I want to know the shortest and most elegant way to prove it. Can you help?
My proof:
Assume the sequence is periodic. Let $A$ be periodic subsequence with length $p$. Let $n$ be position of first occurrence of $A$. $A$ must contain at least 2 different digits, otherwise the tail of original sequence contains only single digit which is impossible, because any 2 consecutive integers have at least one different digit - last one. Let us take number $n$ such that it has only single digit in decimal notation, number of digits is more than $2p-1$ and it is more than a number that a digit at position $p + n - 1$ belongs to. We will get the contradiction proving that $n$ can not have all different digits because decimal notation of $n$ contains $A$. It is equivalent to the following lemma:
Lemma. Non-negative integers $n$ are colored: $1,2,..,k$ have color A; $k+1,k+2,..,2k$ have color B, etc. Prove that any $2k-1$ subsequent integers contains $k$ integers of the same color.

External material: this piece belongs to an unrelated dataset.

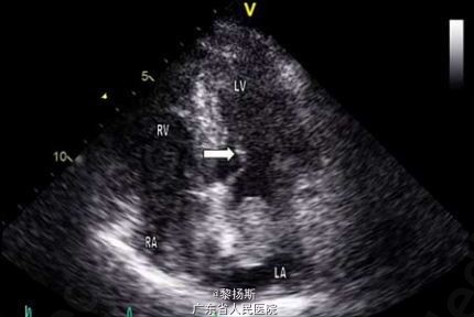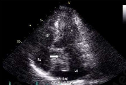 体格检查发现患者双侧膝盖网状青斑(图 1)。收入院时,患者体温 38.5℃,心率 165 次 / 分,呼吸 28 次 / 分,血压 89/50mmHg,血氧饱和度 94%(无额外吸氧)。心脏查体闻及 2/6 级全收缩期杂音,以心尖部最为明显,余检查未见明显异常。实验室检查发现白细胞增加至 15.7×109/L(参考值范围 3.8–11×109/L),中性粒细胞占 95%,血红蛋白 127g/L,血小板 306×109/L,C 反应蛋白升高至 73mg/L(参考值范围 0-5mg/L),另外,尿素和肌酐轻度增加,自身免疫抗体阴性,尿常规正常。心电图提示窦性心动过速,无 PR 间期延长,胸部 X 线检查无异常。血培养结果提示存在少酸链球菌(S. acidominimus),对青霉素和红霉素灵敏。进一步经食道超声心动图(TTE)检查提示左房纵向扩张,伴一大小为 2.8×3.2cm,附着于房间隔的部分活动性结构(图 2)。另外,二尖瓣上也附着有赘生物(图 3)。

Proof. Let $c$ be number of different colors in subseqnece of $2k-1$ integers. If $c>2$ we immediately get desired subsequence - just take a subsequence with a color different from the colors of first and last elements. If $c=2$ we can note that there are only 2 ways to choose $2k-1$ subsequent integers from from $2k$ subsequent integers and in both cases it is clear that lemma is true, because first $k$ or last $k$ elements have the same color.
Shortest proof I could think of: let the period be $k$, then $10^k$ contains $k$ sequential $0$s and thus all digits in the sequence are $0$s - which is absurd.